_Exercise data_
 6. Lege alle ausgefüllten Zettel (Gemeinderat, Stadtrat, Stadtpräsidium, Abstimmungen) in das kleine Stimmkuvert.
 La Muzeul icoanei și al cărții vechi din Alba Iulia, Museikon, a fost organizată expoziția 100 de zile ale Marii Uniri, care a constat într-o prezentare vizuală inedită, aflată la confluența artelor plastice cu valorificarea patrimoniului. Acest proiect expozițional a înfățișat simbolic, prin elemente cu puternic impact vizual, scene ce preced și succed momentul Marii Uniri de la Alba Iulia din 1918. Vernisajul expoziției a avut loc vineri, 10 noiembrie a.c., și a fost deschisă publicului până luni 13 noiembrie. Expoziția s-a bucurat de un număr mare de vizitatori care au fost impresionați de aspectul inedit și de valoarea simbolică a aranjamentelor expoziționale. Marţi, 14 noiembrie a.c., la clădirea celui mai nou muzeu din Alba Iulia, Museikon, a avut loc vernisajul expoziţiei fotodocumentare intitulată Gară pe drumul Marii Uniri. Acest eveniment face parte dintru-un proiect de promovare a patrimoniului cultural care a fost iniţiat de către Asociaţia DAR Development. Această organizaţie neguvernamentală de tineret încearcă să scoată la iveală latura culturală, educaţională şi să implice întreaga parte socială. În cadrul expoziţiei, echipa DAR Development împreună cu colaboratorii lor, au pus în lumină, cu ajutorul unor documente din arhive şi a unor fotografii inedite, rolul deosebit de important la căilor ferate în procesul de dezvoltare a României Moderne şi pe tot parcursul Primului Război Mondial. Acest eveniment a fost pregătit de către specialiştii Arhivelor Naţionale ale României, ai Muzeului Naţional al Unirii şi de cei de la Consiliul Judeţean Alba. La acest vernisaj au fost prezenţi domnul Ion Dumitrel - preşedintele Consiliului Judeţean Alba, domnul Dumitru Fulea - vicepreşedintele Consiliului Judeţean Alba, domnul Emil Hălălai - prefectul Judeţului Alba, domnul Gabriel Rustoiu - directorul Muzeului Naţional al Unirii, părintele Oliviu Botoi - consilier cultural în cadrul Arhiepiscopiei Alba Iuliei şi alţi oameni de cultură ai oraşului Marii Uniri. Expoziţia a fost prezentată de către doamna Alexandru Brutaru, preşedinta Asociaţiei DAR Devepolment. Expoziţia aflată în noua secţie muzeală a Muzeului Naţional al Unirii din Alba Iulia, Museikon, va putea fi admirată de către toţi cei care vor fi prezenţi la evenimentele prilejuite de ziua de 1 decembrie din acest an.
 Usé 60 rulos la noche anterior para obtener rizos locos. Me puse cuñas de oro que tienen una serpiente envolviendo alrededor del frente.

==

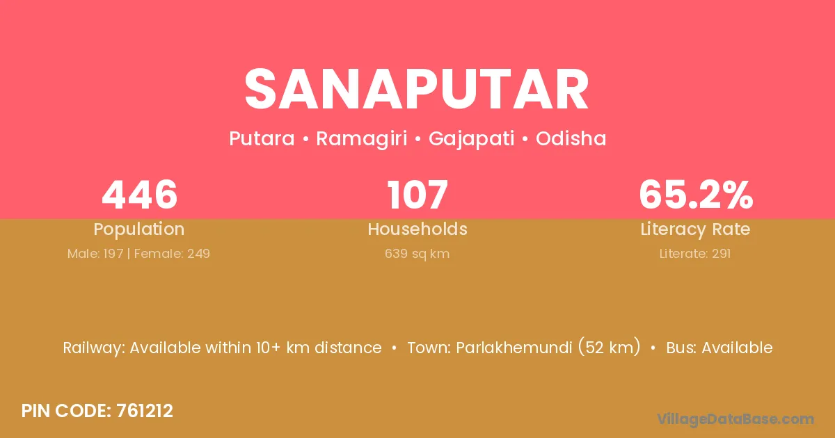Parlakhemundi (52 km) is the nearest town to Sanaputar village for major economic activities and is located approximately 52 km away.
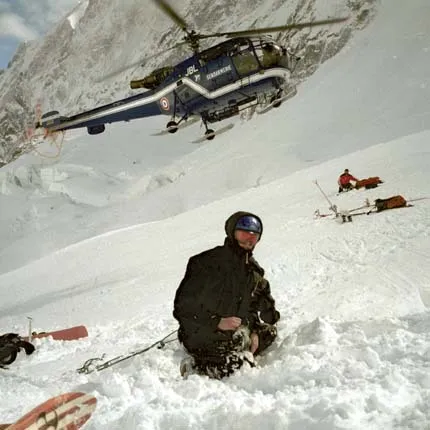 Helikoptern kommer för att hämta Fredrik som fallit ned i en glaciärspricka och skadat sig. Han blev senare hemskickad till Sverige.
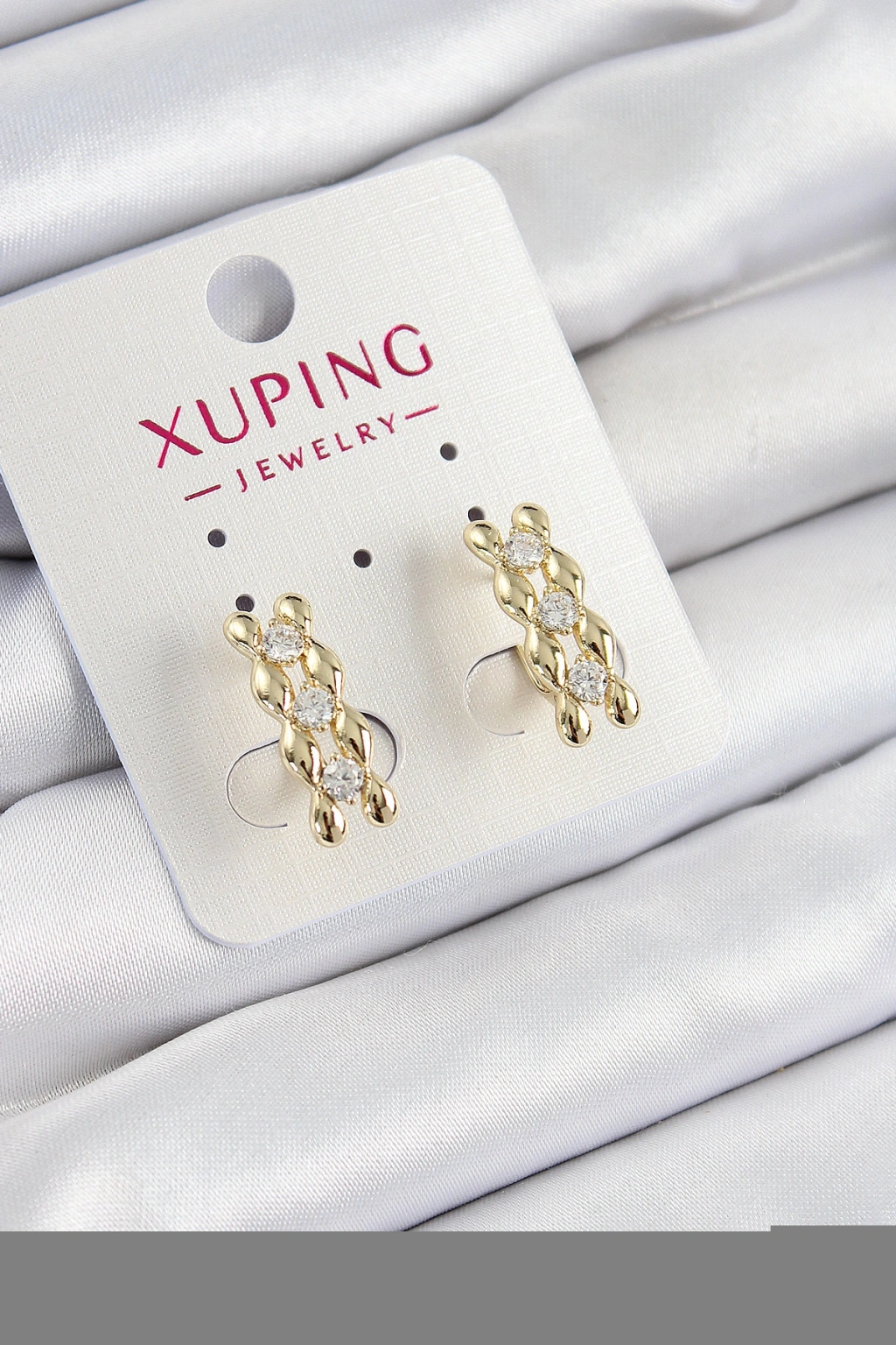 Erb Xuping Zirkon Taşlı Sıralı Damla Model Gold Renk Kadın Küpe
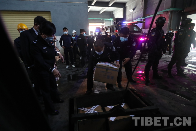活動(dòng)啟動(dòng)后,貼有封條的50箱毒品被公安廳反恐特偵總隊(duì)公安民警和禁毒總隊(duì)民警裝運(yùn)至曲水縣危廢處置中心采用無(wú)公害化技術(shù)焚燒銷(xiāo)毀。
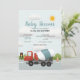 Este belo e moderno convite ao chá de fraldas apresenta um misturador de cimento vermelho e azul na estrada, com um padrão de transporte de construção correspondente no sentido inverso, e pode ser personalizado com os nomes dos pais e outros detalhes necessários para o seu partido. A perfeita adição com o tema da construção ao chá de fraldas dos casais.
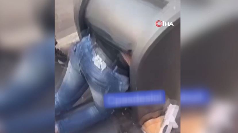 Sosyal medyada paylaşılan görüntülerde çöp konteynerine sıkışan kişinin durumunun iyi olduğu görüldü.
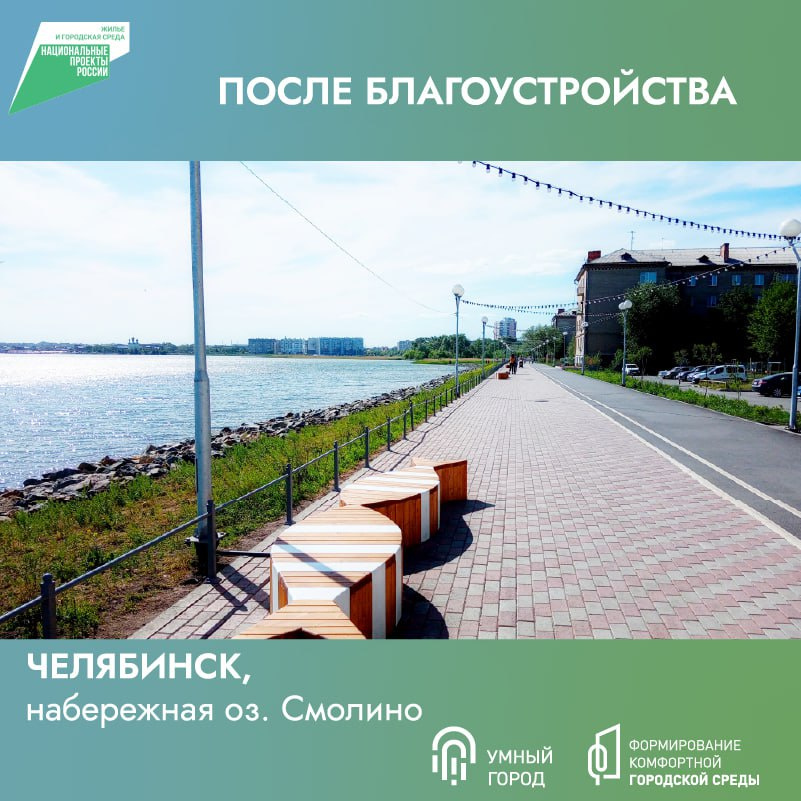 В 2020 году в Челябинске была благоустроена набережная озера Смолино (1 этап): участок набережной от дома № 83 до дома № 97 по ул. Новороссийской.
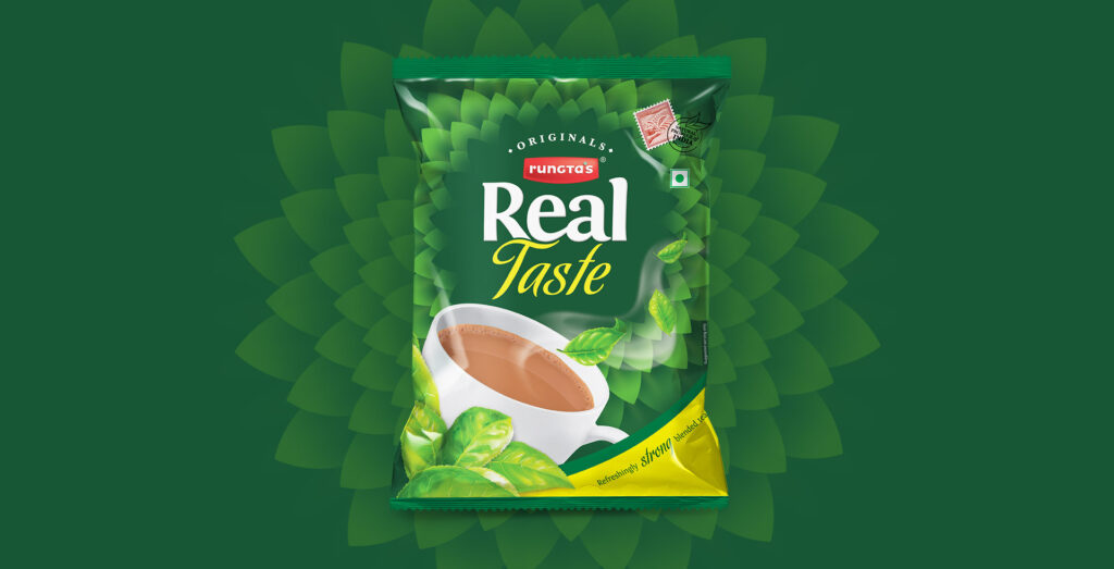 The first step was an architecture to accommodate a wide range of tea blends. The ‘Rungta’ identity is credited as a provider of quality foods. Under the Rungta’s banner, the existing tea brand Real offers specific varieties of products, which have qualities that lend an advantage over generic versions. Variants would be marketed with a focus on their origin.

...

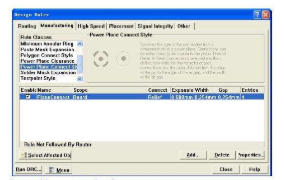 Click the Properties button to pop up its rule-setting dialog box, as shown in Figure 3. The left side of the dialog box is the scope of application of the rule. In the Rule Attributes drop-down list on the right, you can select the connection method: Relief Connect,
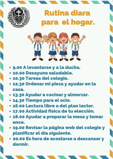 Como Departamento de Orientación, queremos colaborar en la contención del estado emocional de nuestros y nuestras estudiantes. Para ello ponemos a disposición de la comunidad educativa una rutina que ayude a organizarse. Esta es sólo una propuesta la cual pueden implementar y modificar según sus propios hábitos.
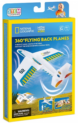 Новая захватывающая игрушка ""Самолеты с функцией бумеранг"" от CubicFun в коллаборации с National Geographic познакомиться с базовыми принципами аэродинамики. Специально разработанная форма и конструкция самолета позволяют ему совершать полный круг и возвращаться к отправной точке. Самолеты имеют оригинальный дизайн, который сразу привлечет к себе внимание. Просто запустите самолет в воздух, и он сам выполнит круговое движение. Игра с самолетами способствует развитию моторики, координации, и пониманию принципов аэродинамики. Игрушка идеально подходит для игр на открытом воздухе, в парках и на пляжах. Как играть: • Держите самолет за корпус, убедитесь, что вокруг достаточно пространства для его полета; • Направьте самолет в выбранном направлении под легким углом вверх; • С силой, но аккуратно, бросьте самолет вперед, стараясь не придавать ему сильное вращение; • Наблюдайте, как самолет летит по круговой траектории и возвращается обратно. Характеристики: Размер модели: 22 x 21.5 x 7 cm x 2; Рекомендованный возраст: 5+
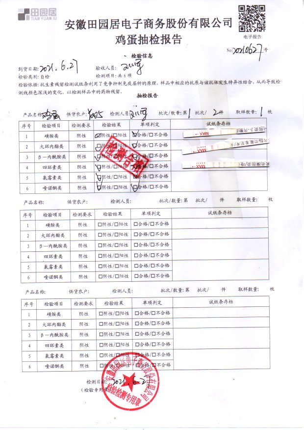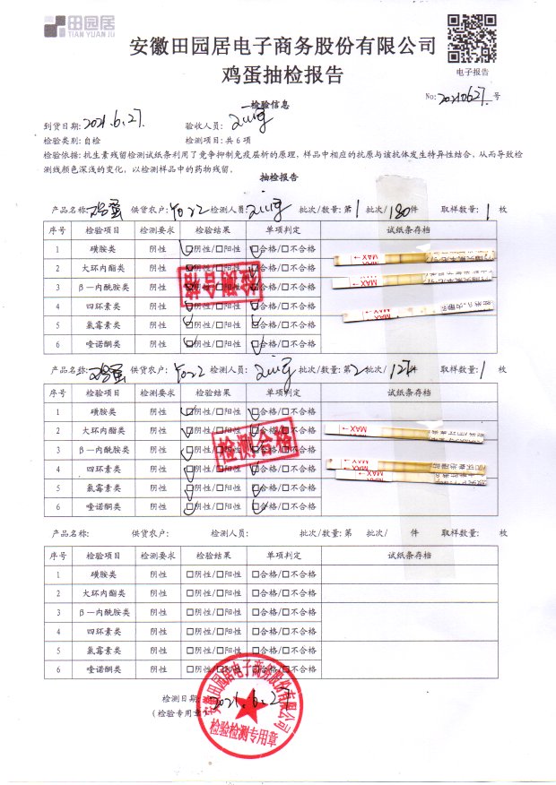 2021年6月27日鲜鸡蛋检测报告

_Goal of the exercise_
Give back exactly the lines above from the one with "Sosyal medyada paylaşılan" through the one with "В 2020 году", both included. Pictures don't belong in the copy.

_Answer_
 Sosyal medyada paylaşılan görüntülerde çöp konteynerine sıkışan kişinin durumunun iyi olduğu görüldü.
 В 2020 году в Челябинске была благоустроена набережная озера Смолино (1 этап): участок набережной от дома № 83 до дома № 97 по ул. Новороссийской.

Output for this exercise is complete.